# I don't know what to do in social situations



## Asrais (Aug 22, 2015)

I just got back from dropping my hubbie off a party, that I was supposed to go to too.
The party is a housewarming for one of his work mates that I don't know. I went in with him, to say hello - but as usual, I found myself standing silently, feeling like a complete loser.

I try to join in with the conversation, but feel the awkward silence after anything I say (that probably doesn't exist). There were other women at the party, who all knew each other, so I felt snubbed, no one made any effort to speak to me, even when I tried to talk to them, they kind of drifted away.

The party wasn't far from my home and hubby didn't mind me leaving, so I left to go home, I'll go back and collect him later.

I feel really defeated - but worse, there is another party next week, but this one is over an hours drive away, so not practical for me to escape. I won't be drinking, because I will have the car with me. I will spend the whole night letting my imagination make me feel like everyone hates me and is judging me.

I know that it's not true - I know it's all in my head and that, in all probability, no one even notices me, one way or the other. 

I hate this - it's so frustrating to see normal people having normal conversations and making friends, a part of everyday life, but something I just can't do.

I'm a grown women - I'm smart and funny and capable - why can't I show these qualities to the rest of the world? It's ridiculous!


----------



## ShadowOnTheWall (Dec 24, 2010)

It takes practice, but no one's judging you anyway so don't be too harsh on yourself if your not perfect. It's probably easier to primarily keep around people you know or get on well with, but you can still say hi to others. No one's going to hold it against you if you aren't leading all the conversations


----------



## macky (Jan 25, 2015)

No offence but it doesn't sound like your boyfriend was helping you out much at all through. Your his guest after all. It wouldn't take much for you to at least introduce you to people and make sure you're alright. Especially as he should know about your social anxiety traits.


----------



## Asrais (Aug 22, 2015)

macky said:


> No offence but it doesn't sound like your boyfriend was helping you out much at all through.


Husband. I guess he's not that helpful - not because he doesn't want to be, but because he doesn't know what to do to help me. He is an extrovert and is comfortable with these situations. He knows that I'm uncomfortable, and that I find it tough, but I don't think he gets how bad I am.

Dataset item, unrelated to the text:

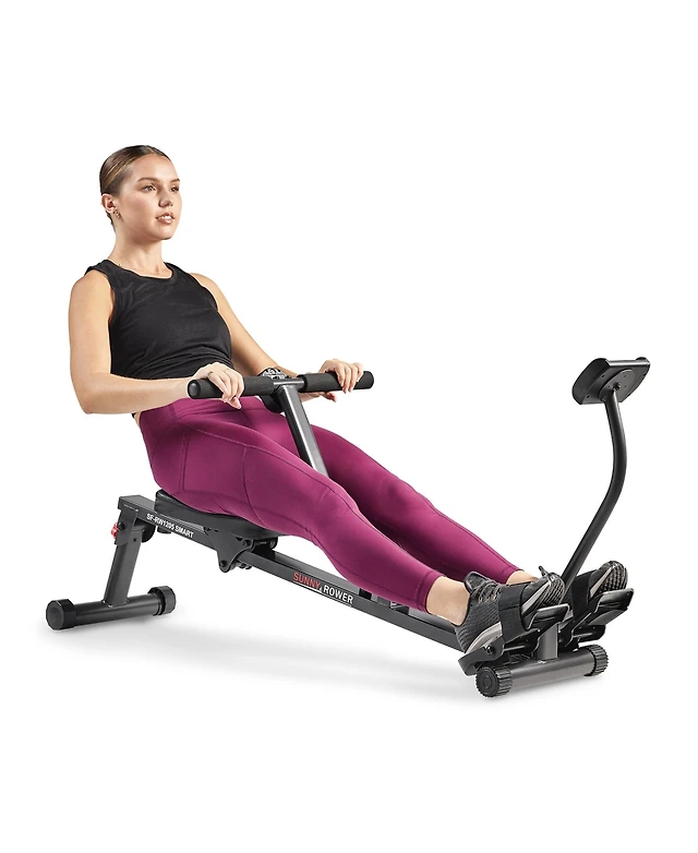 Sunny Health & Fitness Smart Compact Hydraulic Rower &with 12 Levels Resistance and Free SunnyFit App Via Bluetooth

It's not his fault, I do my best to keep it hidden, I've done it all my life - and that is my problem, I think - I spent my life so far trying to hide my true self and now I don't know how to be myself anymore.

In fact, my husband is probably the only person who ever sees my real true self, he is the only one I trust not to reject me.


----------



## Clementin (Aug 25, 2015)

Asrais said:


> I do my best to keep it hidden, I've done it all my life - and that is my problem, I think - I spent my life so far trying to hide my true self and now I don't know how to be myself anymore.


This is just like me, but I also find that when trying to be myself, I really dont have anything to say. I wish there was easy to chit chat, but I find that kind of talk only tiring. I Guess it is normal for some to feel this way, but that one is judging oneself too hard.


----------